The home and school versions of the ADHD Rating Scale-IV were used to measure the symptoms of ADHD [27]. This psychometric rating scale was originally developed by DuPaul [28]. The parent-rated (home) and teacher-rated (school) versions were shown to have high internal consistency, test–retest reliability, and criterion-related validity [29]. Both parent and teacher versions have 18 items describing symptoms of ADHD, developed from the Diagnostic and Statistical Manual of Mental Disorders-IV criteria for ADHD [27]. Each item is scored from 0–3 on a four-point Likert scale, with a score of 0 representing never or rarely and a score of 3 representing very often. An example of a hyperactivity–impulsivity item is “Leaves seat in classroom or other situations in which remaining seated is expected” and an example of an inattentive symptom item is “Does not follow through on instructions and fails to finish work” [28].

2.4. Statistical Analysis

The study group was derived from the limited number of children with ADHD in years 5 and 6 of one primary school. The small sample did not meet the criteria for normal distribution. Test–retest reliability was examined using Kendall’s tau due to the non-normal distribution, small sample size, and large number of tied ranks. The Wilcoxon signed ranks test was used to compare the ADHD scores for the study group and for the control group pre to post intervention. Univariate ANOVA, with Bonferroni correction, was then used to examine ADHD scores for the study group over the 12-week period of the study. Planned contrasts were used for within participant comparisons between time-points.

3. Results

Twelve children took part and completed the first six weeks of the study. The hand signals during the exercise sessions and the verbal responses from the control group children confirmed their enjoyment of the exercises matched that of the children with ADHD. Activities chosen as favorites by the children in the previous work were confirmed as favorites by all the children in the current study giving the thumbs up signal.
The test–retest reliability, of the teacher-rated ADHD symptoms scores, was examined by a Kendall’s tau calculated for teacher-rated symptoms scores at six weeks compared with baseline. There was a positive correlation between the two variables τ = 0.881, n = 12, p < 0.001, indicating good test–retest reliability.
The study group with ADHD completed all eleven exercise sessions (Table 1). The median (Mdn), teacher-rated ADHD symptom scores for the study group were significantly lower after eleven weeks of the physical exercise intervention (Mdn = 8.0) than before the intervention (Mdn = 13.0), z = −2.20, p = 0.028, r = −0.64 (Figure 1). The effect size was large, accounting for 40% of the variance. The parent-rated ADHD symptom scores for the study group followed the same trend as the teacher-reported data, but this did not reach statistical significance (Table 1).
All of the control group (n = 6) completed the first six weeks of the study. After week six, five of the control group were unable to complete all the exercise sessions. There were no differences in the teacher-rated or parent-rated symptom scores, which ranged from 0–2 at the three timepoints for the children in the control group.
A one-way repeated-measures analysis of variance (ANOVA) was conducted to evaluate the null hypothesis that there would be no change in the ADHD symptom level of the participants of the study group when measured before, during, and after the exercise sessions. Mauchly’s test showed the data met the assumption of sphericity. However, the Greenhouse–Geisser estimate of the departure from sphericity was ε = 0.74 and the correction was applied. There was a significant main effect of exercise on the symptom level reported by the teachers, F(1.49, 7.44) = 14.81, p = 0.004, ω2 = 0.34. The multivariate tests also showed that the ADHD symptom level was affected by the number of weeks of exercise undertaken. There was a significant effect of exercise on the ADHD symptom level reported by teachers, V = 0.82, F(2,4) = 9.33, p = 0.031. Planned contrasts were undertaken. The first contrast compared the teacher-rated ADHD scores at baseline with those after six weeks of the exercise sessions.
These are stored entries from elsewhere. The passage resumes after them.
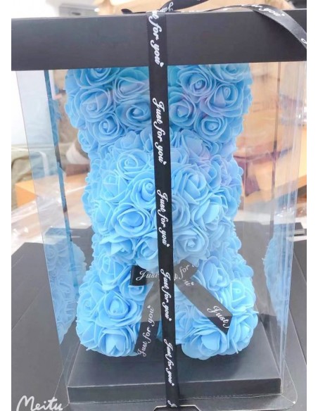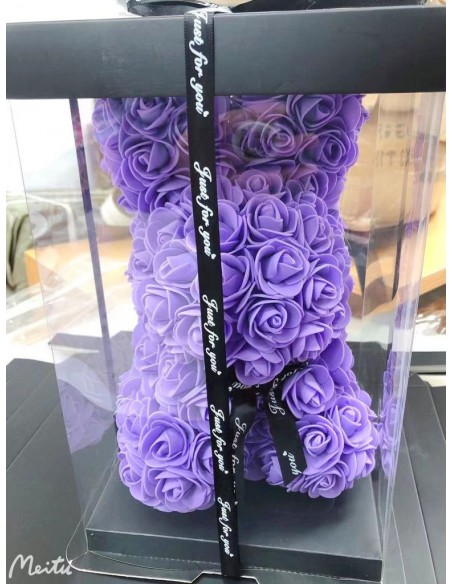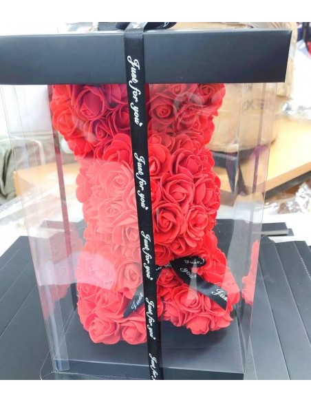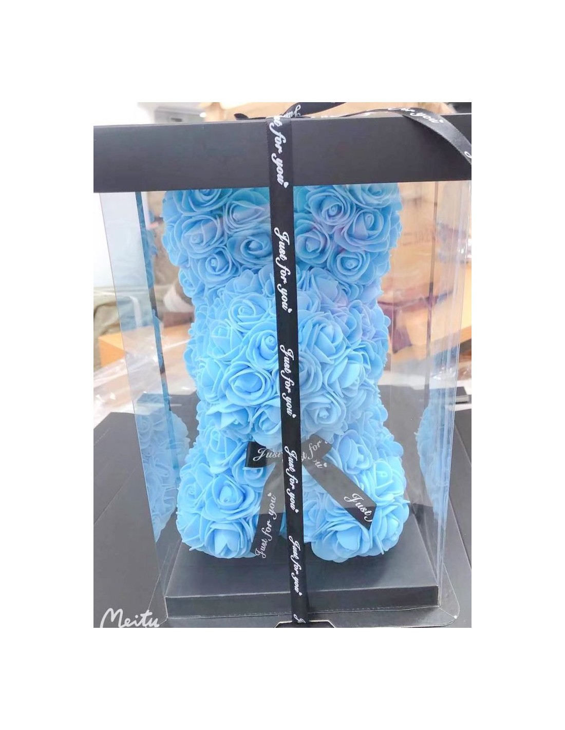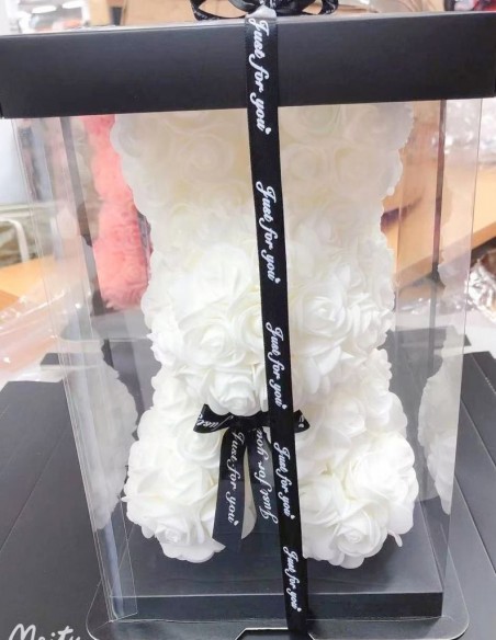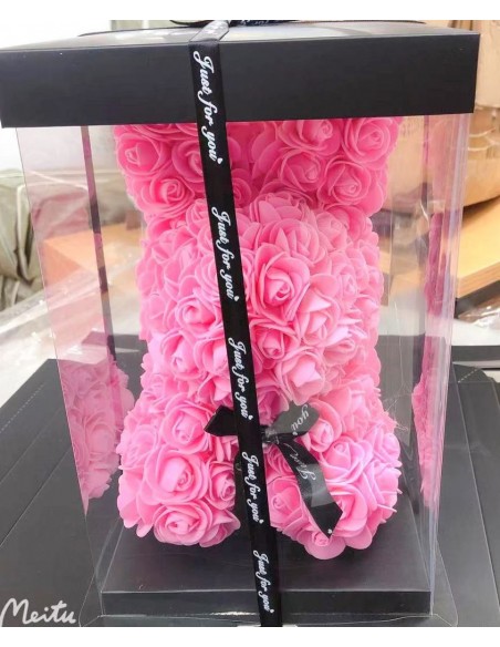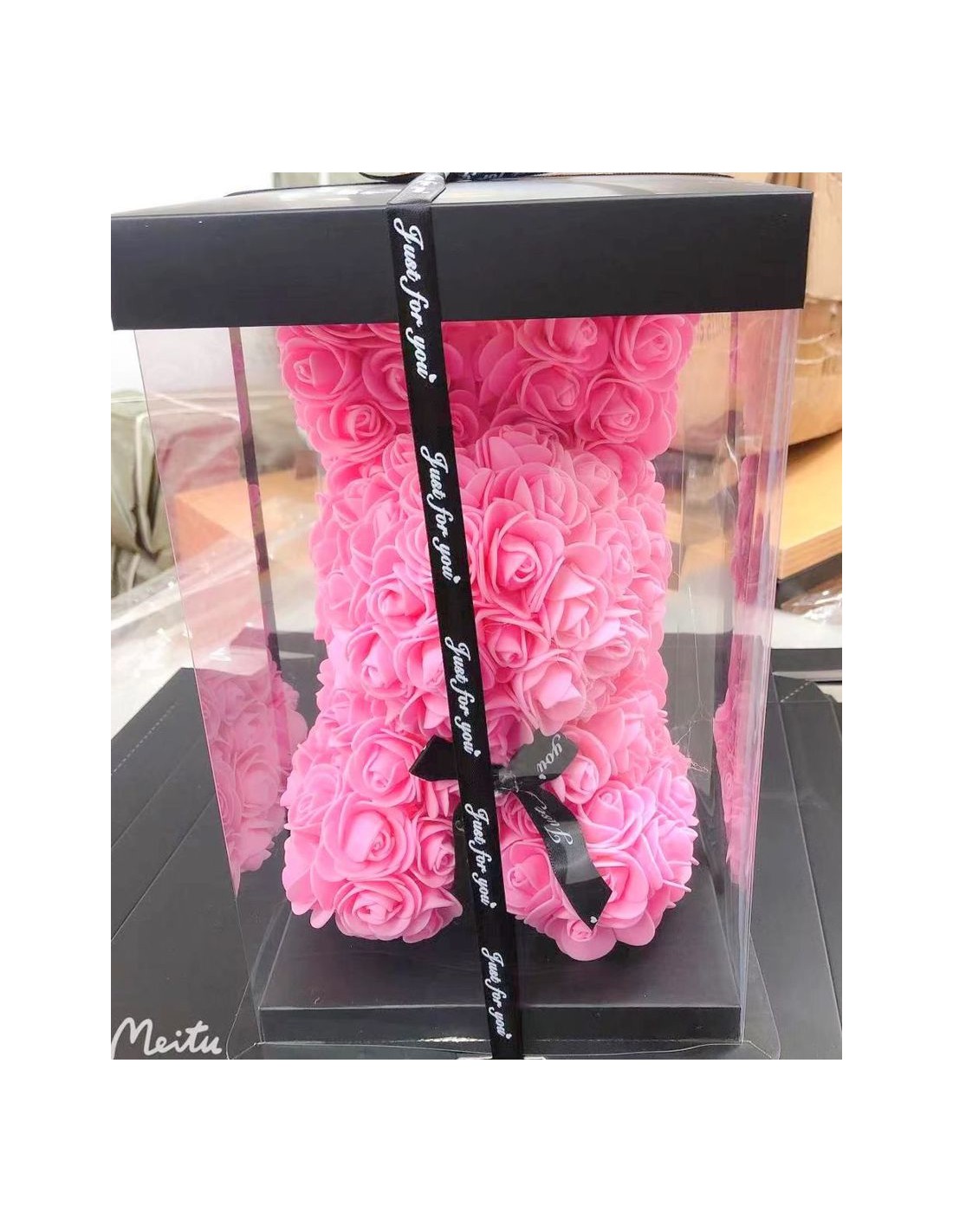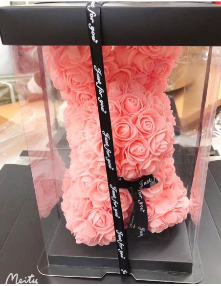 Ένα υπέροχο χειροποίητο λαγουδακι από latex τεχνητά λουλούδια που διαρκούν για πάντα, το Rose Rabbit είναι τοποθετημένο μέσα σε κλειστό διάφανο κουτί!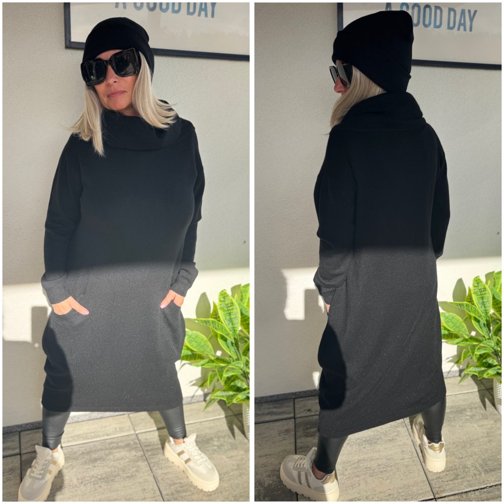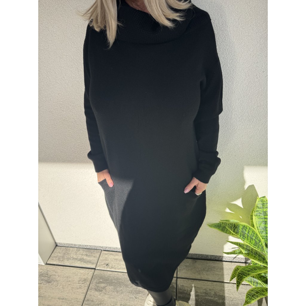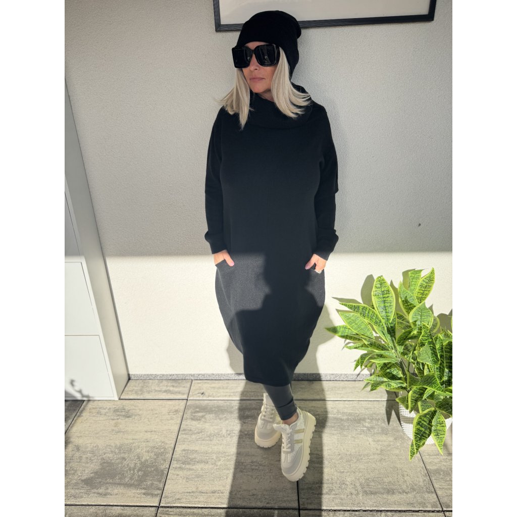 Tyto dlouhé rolákové šaty kombinují měkký materiál, moderní jednoduchý střih a praktické kapsy.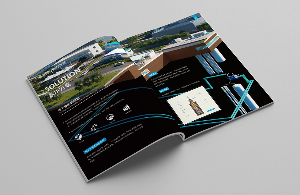 項(xiàng)目背景:中冶武勘堅(jiān)持“冶金勘察國家隊(duì),資源保障主力軍,基本建設(shè)排頭兵,巖土工程、智慧應(yīng)用、資源勘查領(lǐng)域具有特色的工程綜合服務(wù)提供商”戰(zhàn)略定位,依托測繪、勘察、檢測監(jiān)測、巖土工程等傳統(tǒng)主業(yè)核心基礎(chǔ)支撐,積極打造工程總承包、智慧應(yīng)用、能源環(huán)保、資源開發(fā)四大業(yè)務(wù)板塊,構(gòu)建傳統(tǒng)主業(yè)及資源勘查與礦山建設(shè)、智慧應(yīng)用、地下空間開發(fā)、巖土工程一體化、新能源工程、生態(tài)環(huán)境治理、特色基礎(chǔ)設(shè)施建設(shè)八個業(yè)務(wù)方向,為客戶提供集規(guī)劃、投資、建設(shè)、運(yùn)維為一體的工程全生命周期服務(wù)。艾的爾設(shè)計(jì)接受其委托,承接畫冊設(shè)計(jì)項(xiàng)目。在畫冊設(shè)計(jì)、創(chuàng)意的過程中,設(shè)計(jì)師通過對行業(yè)屬性進(jìn)行深入地了解,根據(jù)企業(yè)屬性,進(jìn)行了畫冊設(shè)計(jì)、創(chuàng)意。在畫冊封面設(shè)計(jì)中,選用具有深地儲氫系統(tǒng)代表性且現(xiàn)代感、企業(yè)化的圖片組合成‘H’和‘M’,‘H’代表氫能源,則右側(cè)設(shè)計(jì)感的‘M’代表MCC,對字母組合進(jìn)行藝術(shù)化設(shè)計(jì),使得整個封面具有嚴(yán)謹(jǐn)、穩(wěn)重的風(fēng)格,大膽留白凸顯字母‘H’和‘M’,展現(xiàn)了企業(yè)的經(jīng)營業(yè)務(wù)和追求科技以及嚴(yán)謹(jǐn)負(fù)責(zé)的工作態(tài)度。封面字體設(shè)計(jì)干凈利落,藍(lán)色代表理性科技,契合企業(yè)形象。在內(nèi)頁的設(shè)計(jì)中,按黃金分割比例設(shè)計(jì),標(biāo)題與文字的板塊相互呼應(yīng)文圖分布疏密有致,整個版面簡潔優(yōu)雅。畫冊內(nèi)頁的顏色選用上,和封面相互呼應(yīng),以藍(lán)白等清新雅致的顏色為主。整個畫冊,設(shè)計(jì)精簡、嚴(yán)格,充分展現(xiàn)出了企業(yè)的訴求和形象。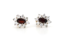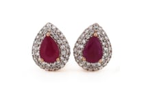 14K ROSE GOLD, RUBY AND DIAMOND, DOUBLE HALO STUD...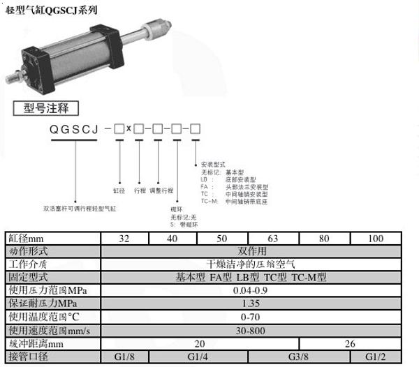 輕型氣缸QGSCJ雙活塞杆 可調行程輕型氣缸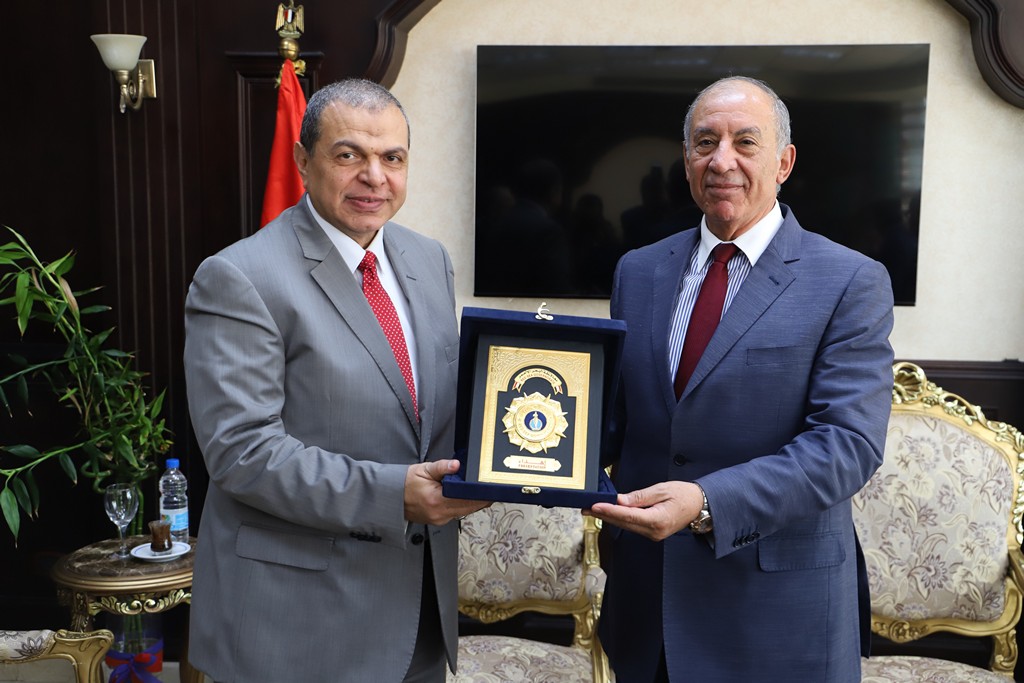 كما سلم محمد جبران، رئيس النقابة العامة للعاملين بالبترول، درع النقابة للمحافظ أحمد عبد الله.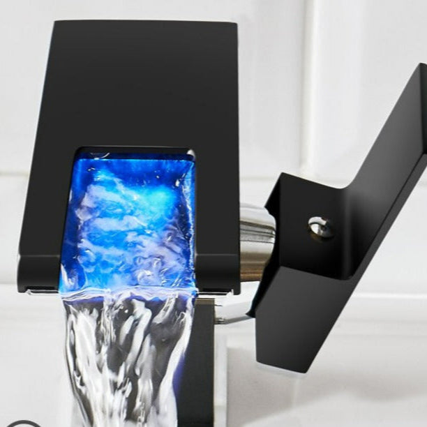 Forvandl dit badeværelse til et rum med moderne elegance med AquaFlow LED-armaturet, hvor design møder smart funktionalitet. Denne elegante lampe forvandler hverdagen til en oplevelse med indbyggede LED-lys, der skifter farve afhængigt af vandtemperaturen - hvilket forvandler rutinemæssig håndvask til en visuelt slående og intuitiv interaktion. Det er den perfekte blanding af praktisk anvendelighed, atmosfære og sikkerhed.

This showed a significant reduction in ADHD scores from baseline to week 6 of exercise, F(1, 5), = 7.5, p = 0.041, with a large effect size r = 0.78. The second showed a significant reduction in teacher-rated ADHD scores from week six to week eleven of the exercise sessions, F(1, 5), = 14.76, p = 0.012, with a large effect size r = 0.86.

4. Discussion

In this study the use of exercise sessions designed for children with ADHD in PE lessons was associated with a significant reduction in ADHD symptoms observed by the teachers in school. In addition, the teachers informed the researchers that they had observed a general increase in engagement in learning activities in the classroom by the children with ADHD. The observations were spontaneous and qualitative, because no quantitative measure of engagement in sedentary classroom activities was included in this study. Together, the results and observations suggest these exercise sessions may be a practical way to reduce ADHD symptoms through regular school PE. The program applied in this study is distinguished from other exercise programs used in previous research by its original elements including multiple different activities with short periods of time spent on each. While this differs from other programs, the use of moderate to high intensity exercise is similar to previous work. In addition, the observed change in behavior associated with the exercise intervention supports previous findings [10,12,13,14]. Furthermore, this indicates that a randomized controlled trial might demonstrate cognitive improvement as well as improvement in behavior equivalent to previous results following physical exercise in the laboratory setting [30,31] and in extra-curricular activities [32].
Following the pattern of the teacher-rated ADHD symptom reduction, the median parent-rated symptom scores (Table 1) showed a steady reduction, but this trend did not reach statistical significance. Factors that might contribute to this are firstly the baseline scores were all lower than the teacher-rated scores, so the reductions were smaller. Secondly, there was an extreme outlier at the final time-point in the parent-rated scores as shown by the decreased median score despite the very high maximum score (Table 1). Teacher-rated scores were not affected. This appears to reflect a particular influence not associated with the school environment. A future full-scale study would enable analysis to control for this.
All the children in the study, both with and without ADHD, engaged fully with the physical exercise sessions. Their feedback through the regular monitoring by the exercise leaders indicated that their evaluation and enjoyment of the exercise sessions matched that of the children with ADHD who had contributed to the original selection of the activities. The exercise leaders in this study were not the same as the exercise leaders in the previous school study, indicating that this program can be successfully led by other appropriately qualified people, for example class teachers who lead PE lessons as well as subject specialist PE teachers. In addition, the school in the current study was not the same as the one in the development study, so none of the class teachers or children had previously been involved. This transferability suggests that it is the design and content of the exercise sessions that is important in engaging and maintaining the attention of the children.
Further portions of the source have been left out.